The notions of inter-symbol interference will be presented, in order to investigate the optimum waveform to be issued to solve it. The optimal receiver structure will be addressed by introducing the necessary concepts such as decision theory.

Notions such as source coding techniques, channel  coding (parity codes, convolutional codes, cyclic codes) and cryptography will be explained and illustrated by the means of the fundamentals of information theory (entropy, mutual information, channel capacity), which will be a subject of a detailed presentation.

Applications

(TP MatLab)

TP1. Communication via baseband and carrier frequency; various models of the transmission channel will be treated: with infinite or finite bandwidth channel, non noisy or noisy.

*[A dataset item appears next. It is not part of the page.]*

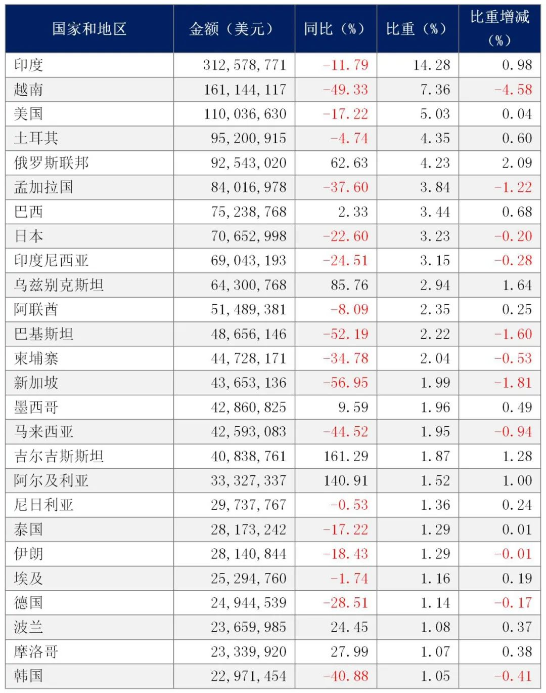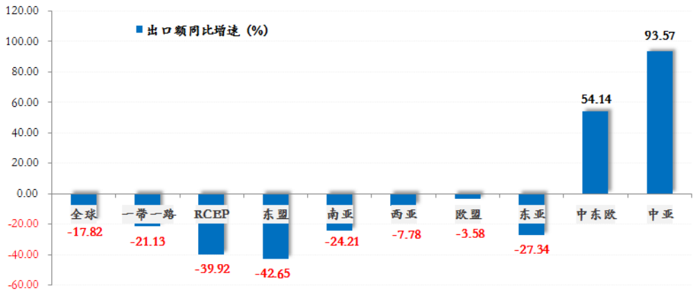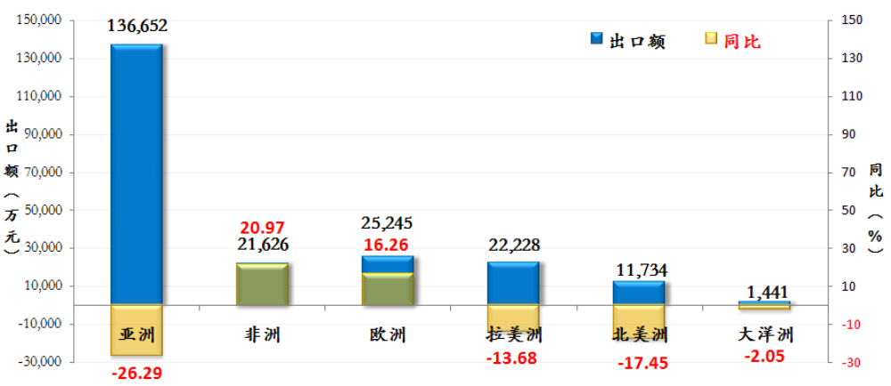 জানুয়ারী থেকে ২০২৩ সালের সেপ্টেম্বর পর্যন্ত, এশিয়া, লাতিন আমেরিকা, উত্তর আমেরিকা এবং ওশেনিয়ায় চীনা রফতানি এক বছরের পর বছর হ্রাস দেখিয়েছিল, তবে আফ্রিকা এবং ইউরোপে রফতানি এক বছর ধরে বছরের বৃদ্ধির প্রবণতা দেখিয়েছিল ।

TP2. Source coding: transmission of a text, ASCII code, Huffman encoding, Morse code. Compression of a digital image by the JPEG format;

TP3. Channel coding: parity codes, Hamming code, convolutional code;

Acquired skills

Basic techniques of visualization and digital signal processing using MatLab.

Digitizing an analog signal, modulation techniques for transmission of digital information.

Understanding of key modules required for encoding and transmit the digitalized information: channel coding and source, channel capacity and theory of information.

Understanding of the criteria used in decision theory.

Knowing how to solve basic problems of information transmission in digital form by rapidly identifying modules that can be optimized.

Understanding the techniques used in text, audio and video compression.